Thomas Jefferson Papers

To Thomas Jefferson from George Jefferson, 7 September 1801

From George Jefferson

Richmond 7th. Septr. 1801

Dear Sir

Previous to the receipt of your letter I was applied to by Mr. Heth respecting Coal; he had been informed by a Mr. Davidson of Washington that you would require a supply, and who recommended his furnishing you—which he appears anxious to do. he readily consented to let you have large pick’d coal, and that, at his usual price of 1/. delivered at the landing. I am sorry however to add that from his apparently compliant, and really1 heedless disposition, he is generally apt to make almost any promise that may be required of him, without afterwards paying much regard to its performance—and to which I fear he would in the present instance be further stimulated, from his necessitous situation, & consequent eagerness to make sales. for these reasons I made application to Mr. Graham who might be depended on, and whose Coal is equal to Heth’s; but he would not on any terms consent to pick it. there are several other Coal-dealers here, but none who have it of equal quality to these two—there is a person in Manchester whose Coal is altogether large; but so very inferior in quality that he cannot sell it, nothwithstanding the partiality of almost every one for that which is large: indeed I am told, (and it appears to be reasonable) that the best Coal is most apt to be fine; as that which is rich and good is most subject to be broken.

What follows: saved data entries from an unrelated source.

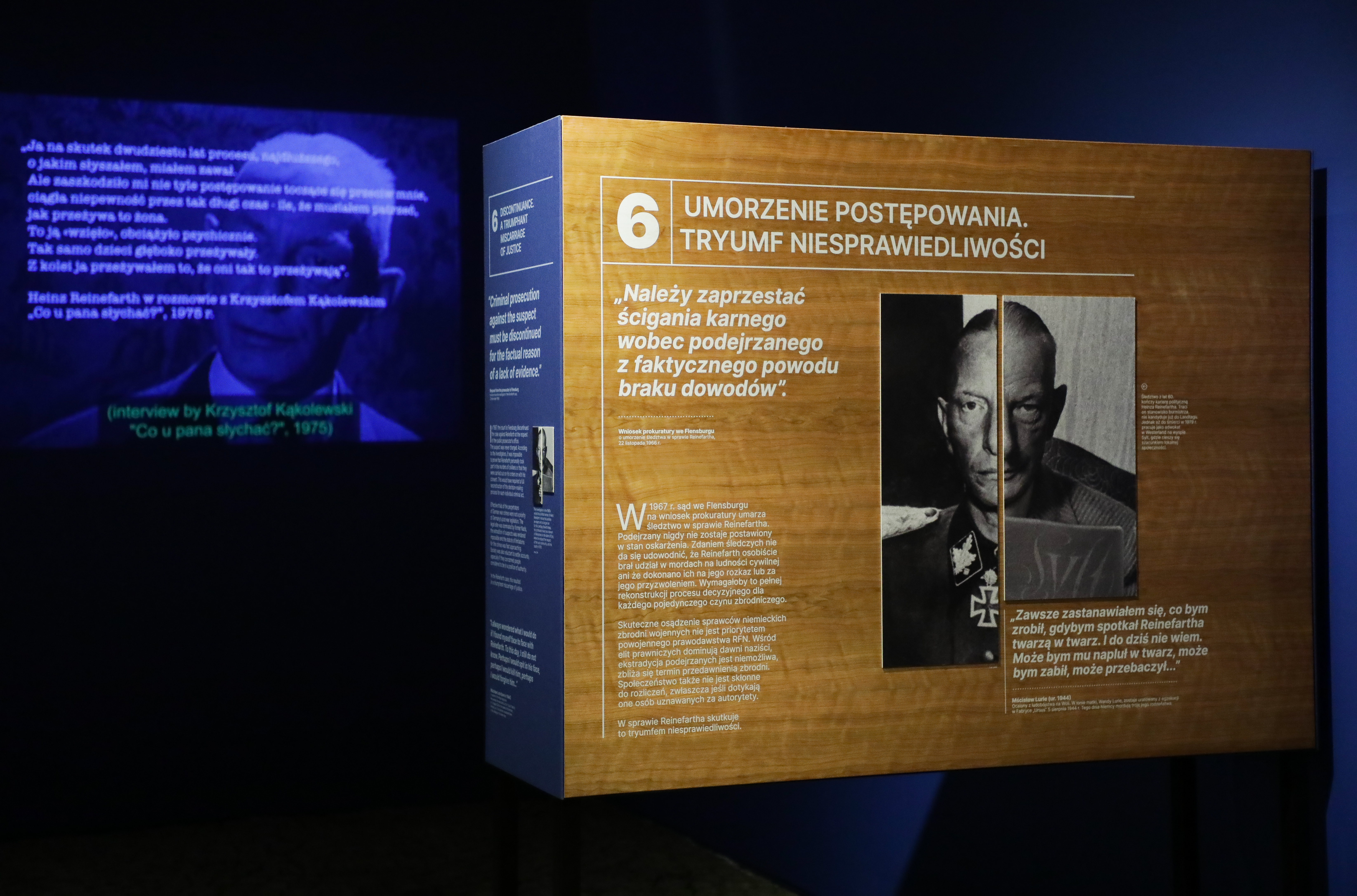 Na wystawie po raz pierwszy prezentowany jest niepublikowany dotąd w Polsce wywiad z Heinzem Reinefarthem, przeprowadzony przez telewizję niemiecką w 1964 r. Zbrodniarz posługuje się w nim tymi samymi argumentami i usprawiedliwieniami, które zapewniły mu bezkarność. Zestawiony z ujęciami filmowymi z wyspy Sylt oraz wypowiedziami Reinefartha ze słynnej rozmowy z Krzysztofem Kąkolewskim, materiał oddaje atmosferę, w której główny sprawca ludobójstwa na Woli spędził resztę życia w popularnym kurorcie nad Morzem Północnym.
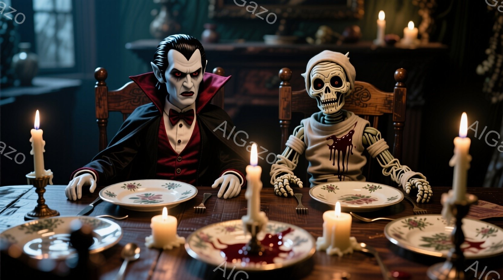 吸血鬼のような男とガイコツの男が、キャンドルが灯された長い食卓を挟んで向かい合って座っています。男は黒いスーツを着ており、整った髪型で鋭い眼光を放ち、ガイコツの男は白い服を着ており、片手にフォークを持っています。背景には、装飾が施された家具や暗い壁が見え、全体的に不気味で少しユーモラスな雰囲気です。
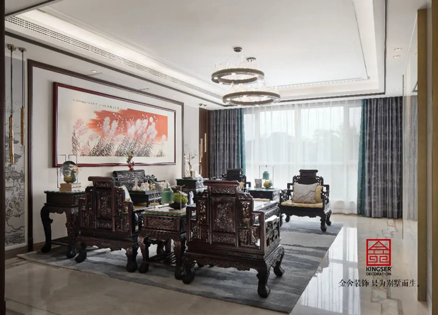 天山國賓壹號188平米新中式風(fēng)格裝修實景
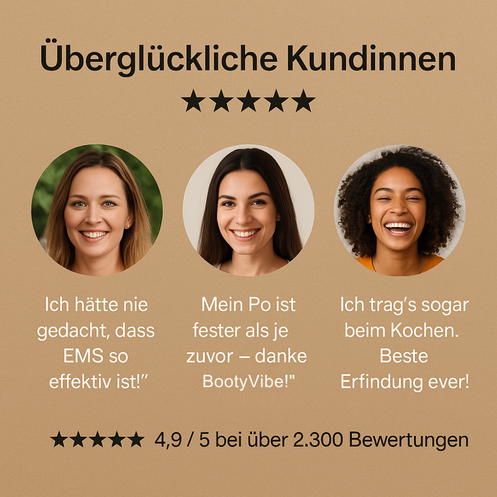 Nina M. April 2025Verifizierter KäuferIch sehe schon nach 10 Tagen einen Unterschied!Ich war skeptisch, aber BeautyVibe ist der Wahnsinn! Ich nutze es jeden Abend auf der Couch, und mein Po ist schon viel straffer geworden. Kein Fitnessstudio nötig – ich bin begeistert!BootyVibe
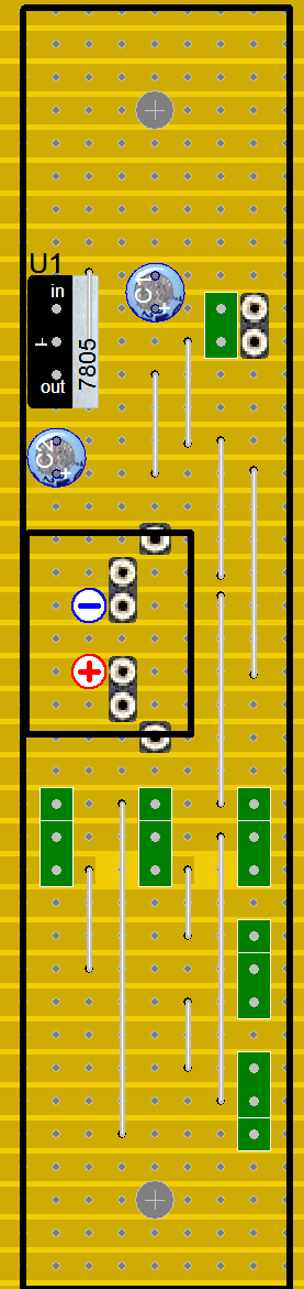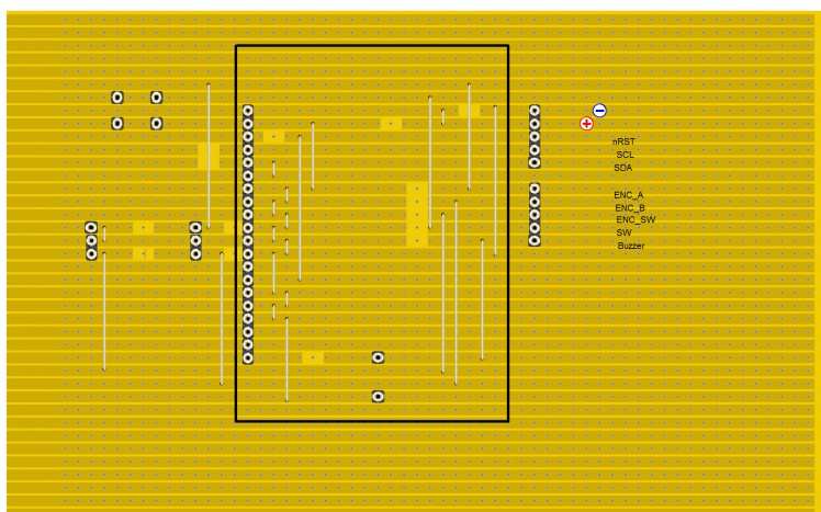Another PCB with line grid contains the display, rotary encoder, push button and a buzzer. This simply arranges the components in right place like they will be on the custom mainboard PCB.

I am inclined to think, taking every thing into consideration, that your best plan will be to get Davidson, who is Heths agent, to deliver you Coal in Washington—stipulating if it is not such as you approve of when you see it, that you are not to be bound to receive it. if you cannot do this, and think proper to run the risk here, I will of course do as well as I can.

I inclose your acct. by which you will find there is a balance due you of £599.8.10. You will observe that we have charged freight on some Tobo. from Milton contrary to custom—this was owing to our having been directed to pay it by Mr. Garrett who sent it down. there is likewise I notice a charge for freight of two Casks to Milton, which I suppose was paid in consequence of some particular circumstance.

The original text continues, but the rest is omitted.